Once all the individuals and all the relationships among them were correctly created, we ran the Protégé logic reasoner on the populated ontology to check its consistency and integrity. Since it inferred correctly what had not been declared manually, we concluded that our ontology was logically structured and working. Finally, we exported the inferred axioms as ontology saving it as an OWL file: it will be our final OWL file on which the SPARQL queries will be run. See our Jupyter notebook for a full explanation of the ontology population steps.
As we have already outlined, UniOn has been modelled pursuing a balance between the completeness of the domain’s description and the actual availability of data. This means that, for it not to be flattened on the (still defective) data, it entails more classes and properties than those that those described by our dataset. Therefore, not all its classes are populated by individuals.
5. SPARQL API
For testing our ontology through SPARQL queries we need an application programming interface (API). An API is an interface, or method/way, for two pieces of software to communicate.
5.1 The virtual environment
We decided that the best starting point to do it was to create a virtual environment using python. Firstly, we created a new local folder to receive the creation and activation of our virtual environment done by prompt commands using the venv module. The venv module provides support for creating lightweight “virtual environments” with their own site directories, optionally isolated from system site directories.
5.2 FLASK: creating the API
Once our virtual environment was activated, we installed all the packages and frameworks needed (Flask and Owlready2). Flask is a widely used micro web framework for creating APIs in Python. Then, we created and added a python script to the folder, that once run creates a local port to send and receive requests, loading our ontology in JSON format, and requiring to return results as a legible list of strings.
5.3 PostMan: using the API
To send requests to the local port and verify the functioning of the API we used PostMan, an API platform for building and using APIs. The script that uses flask and create the local port is available on our GitHub repository.
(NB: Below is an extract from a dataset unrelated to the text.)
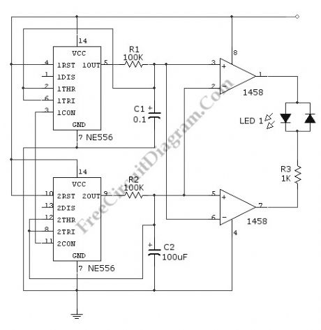 This circuit gives a changing-color LED display, where a LED will emit a dynamic shifting color, from red to green smoothly through yellow. The circuit uses NE556 dual timer, equal to two 555 IC but in only one package. The oscillators is set at different frequencies. The high frequency (upper part) is used to construct a PWM signal, and the lower frequency oscillator is used to control the shifting frequency. What is done by the low frequency oscillator is no more than modulating the duty cycle (active factor) of the PWM.
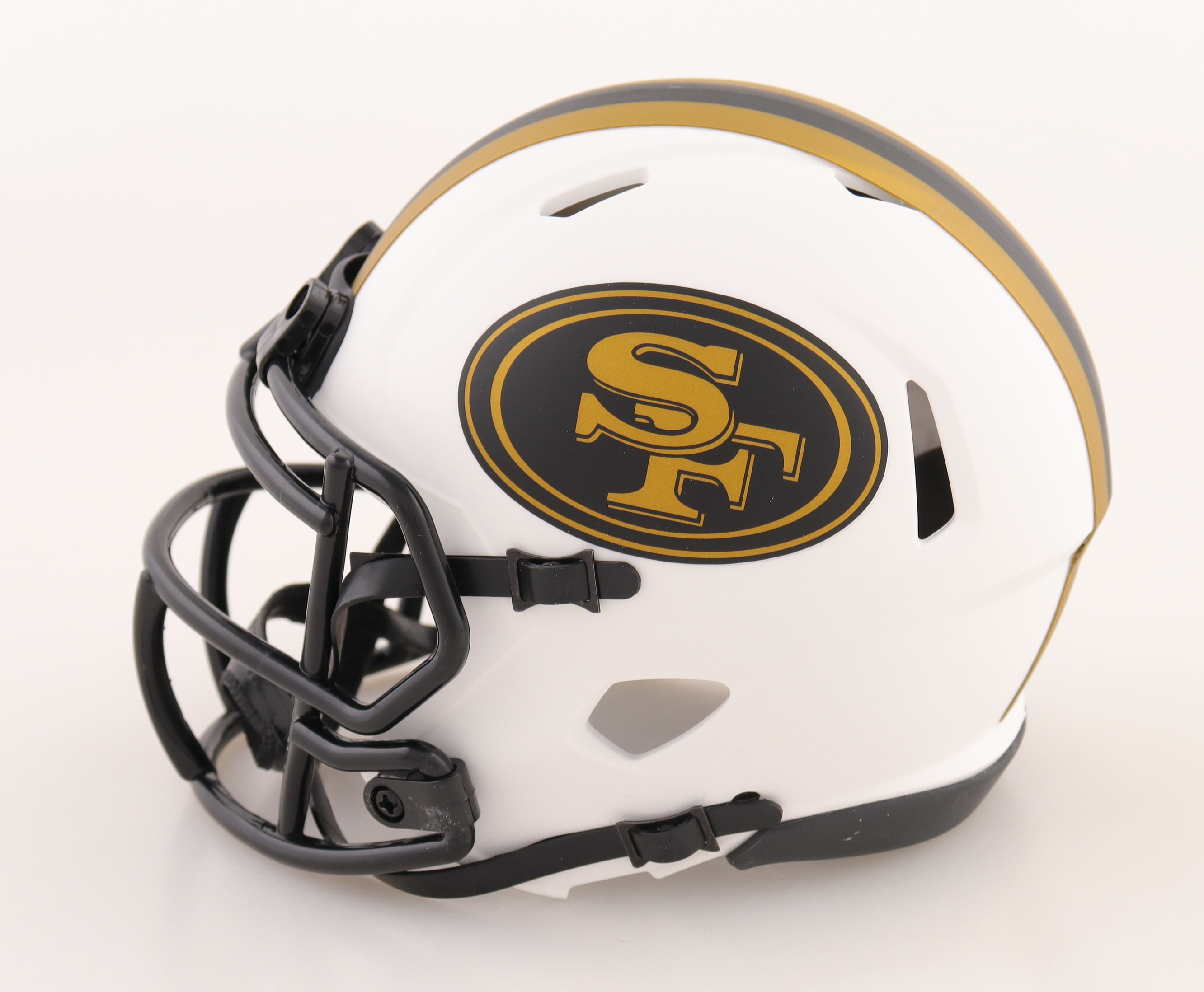 Riddell San Francisco 49ers lunar eclipse alternate speed mini helmet. Hand-signed by Fred Warner.

We verified the working API through a simple GET request, and then we switched to POST to start querying through SPARQL within the PostMan interface, adding the /free_query
at the end of our local host.
6. Conclusions and future developments
As detailed in the previous, sections we tried our best to reach a balance between completeness, feasibility, and applicability of the ontology by creating a simple and consistent logical model able to represent italian universities educational offering. We are aware that our model could be further expanded and developed.
A possible point for future development could be to broaden the ontology by adding other logical blocks regarding various aspects of the universities’ systems (e.g. administration, people and staff involved in the institution, scientific publications, etc.).
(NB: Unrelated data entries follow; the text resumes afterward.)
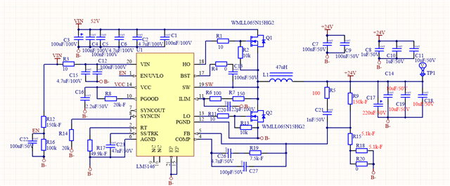 lm5146调试,输出52V输出24V,只能稳定输出2A左右,调整开关频率 100k,电感改为100uH ; 开关频率200k,电感感量47uH;开关频率300k电感35uH,都是只有2A左右,ILIM口调整阻值大小,对输出没有影响。下管驱动波形持续200nS左右,发波不正常
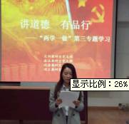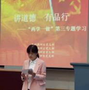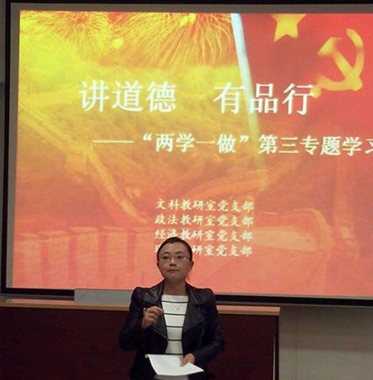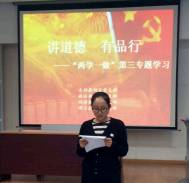 政法教研室党支部李黔豫老师结合自己在远程教育教学部的工作实际,认为“讲道德、有品行”就是要注重师德师风的培养,要树立为人师表的形象,要保持廉洁自律,要立足本职岗位,要加强业务学习;文科教研室党支部李相春老师从四个部分探讨了共产党员如何做到“”讲道德、有品行”:教师应真诚的接受学习,完善自己的道德品行;深刻反省,用于自我批评;用模范的事迹激励自己;转变教育观念,积极投身到教育实践中去,刻苦磨练自己;理工教研室党支部荣光老师提出要爱学习、重品行、做表率,重视培养自己高尚的道德和操守,品行主要依靠个人道德的修养和锤炼;经济教研室党支部的龚英老师从什么是讲道德有品行、讲道德有品行的意义和怎样做到讲道德有品行三个方面汇报了自己的学习体会。
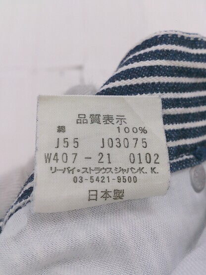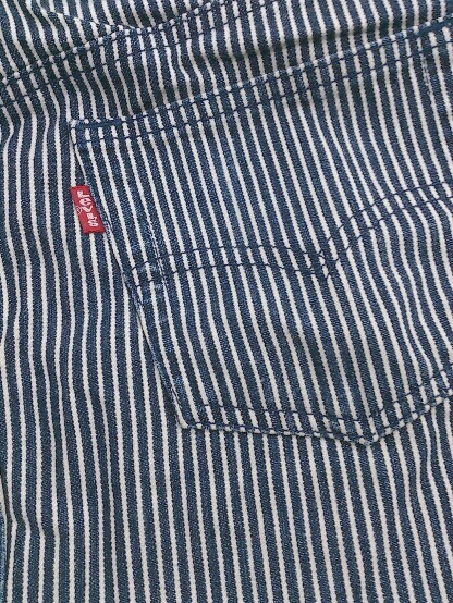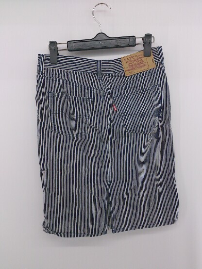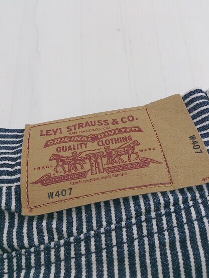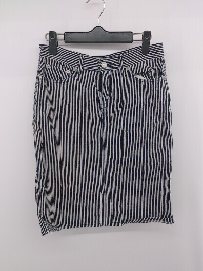 ◇ Levi's W407 ストライプ バックスリット 膝下丈 タイト デニムスカート サイズ29 ネイビー ホワイト レディース E
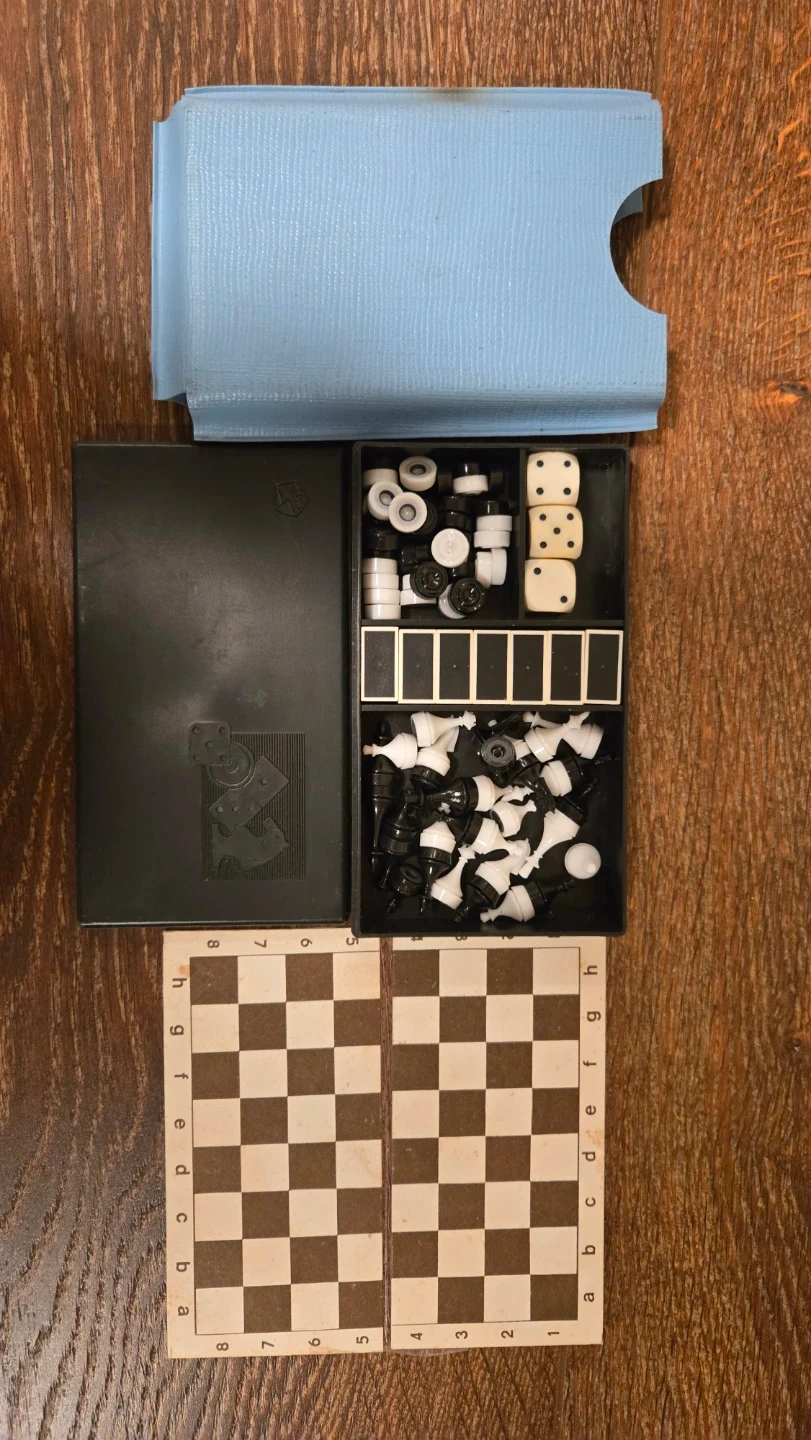 USSR Soviet vintage Travel Chess Set with Checkers and Dice
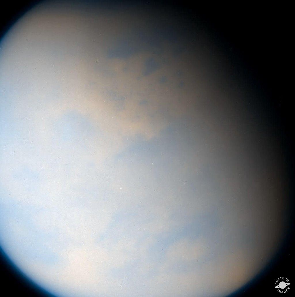 Maksim writes: “I create color images out of raw, black & white Cassini images using PaintShop Pro or Photoshop. This usually involves making RGB composites out of the visible, infrared or ultraviolet data. I always enjoy seeing space objects in color, and love bringing out details normally invisible to the human eye.”
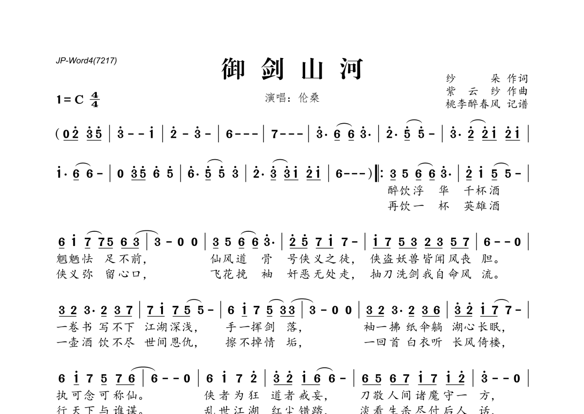 《御剑山河》是伦桑演唱的一首歌曲,拍号为4/4拍,这份简谱共有一张高清图谱,图谱由 @桃李醉春风 编配上传。
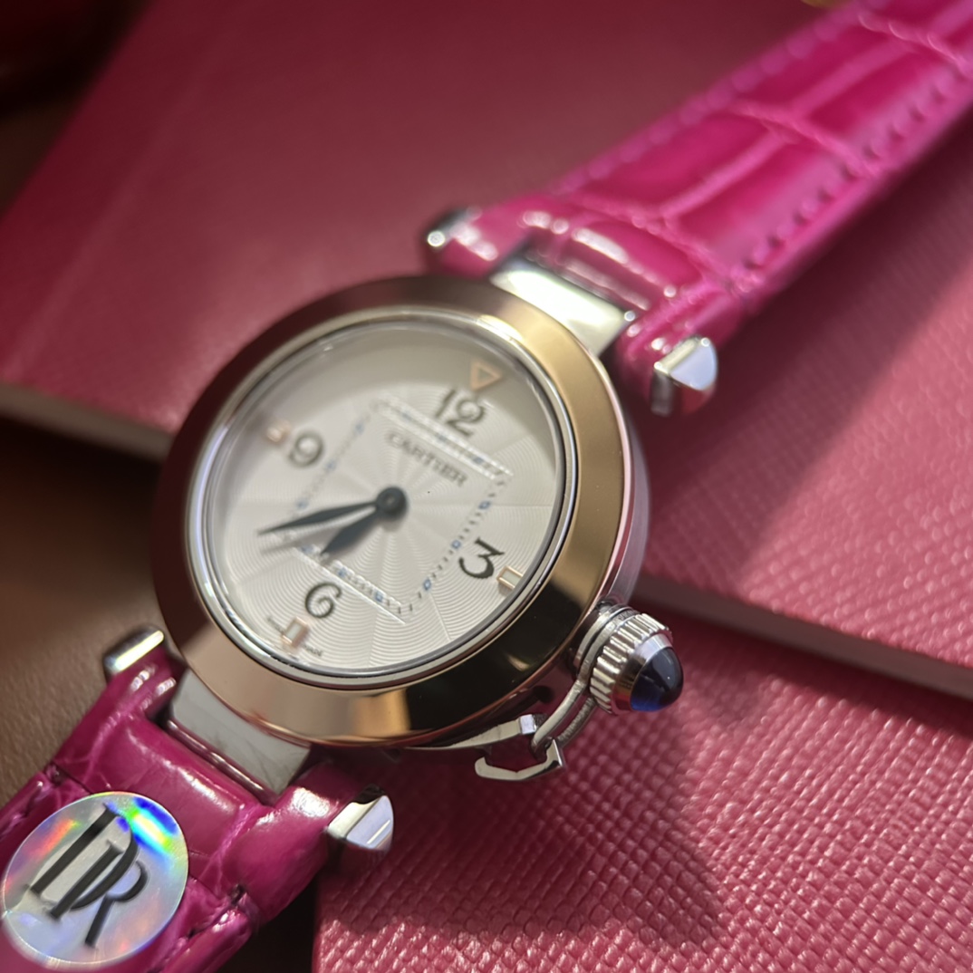 这款手表是AAAAA 1:1 质量 (非常棒). 使用了和原版一模一样的材料. 商标部分也保持了和卡地亚/Cartier一样. 图片拍摄是实物手表拍摄, 您所收到的实物保证和我们图片一模一样.

To reach a higher level of completeness the contribution of other universities with the publication of Open Data project such as the one developed by the University of Bologna would be suggested: in this way, it could be possible to fully exploit the potential of our ontology by making interesting comparisons between different universities and degree programs.
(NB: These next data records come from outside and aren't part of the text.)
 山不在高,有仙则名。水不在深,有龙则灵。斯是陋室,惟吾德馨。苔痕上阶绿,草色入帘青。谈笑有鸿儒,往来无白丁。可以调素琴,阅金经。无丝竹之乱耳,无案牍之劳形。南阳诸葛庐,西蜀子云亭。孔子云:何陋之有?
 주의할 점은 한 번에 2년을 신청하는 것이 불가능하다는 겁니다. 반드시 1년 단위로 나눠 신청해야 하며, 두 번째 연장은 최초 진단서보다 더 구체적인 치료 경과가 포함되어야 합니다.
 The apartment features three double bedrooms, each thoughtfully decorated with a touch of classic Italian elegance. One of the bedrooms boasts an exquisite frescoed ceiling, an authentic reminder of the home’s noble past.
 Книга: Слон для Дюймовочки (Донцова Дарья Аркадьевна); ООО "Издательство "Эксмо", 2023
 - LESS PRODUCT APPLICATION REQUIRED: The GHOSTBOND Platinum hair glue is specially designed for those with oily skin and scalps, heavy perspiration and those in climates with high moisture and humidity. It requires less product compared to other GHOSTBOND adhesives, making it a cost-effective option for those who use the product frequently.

Another point for future development could be to model other vocabularies able to depict foreign universities systems that could possibly be aligned or compared to our model.
Finally, to enable people to perform queries and test our ontology, the publication of our SPARQL-end point is needed.
7. Specification
To publish UniOn’s documentation we relied on WIzard for DOCumenting Ontologies (WIDOCO) an open source tool which automatically creates a documentation with human readable descriptions of the ontology terms and a visualization through WebVowl.
Thank you for your attention.
This project and documentation have been created for the course in Knowledge Representation and Extraction for the Digital Humanities and Digital Knowledge's Degree Programme at the University of Bologna.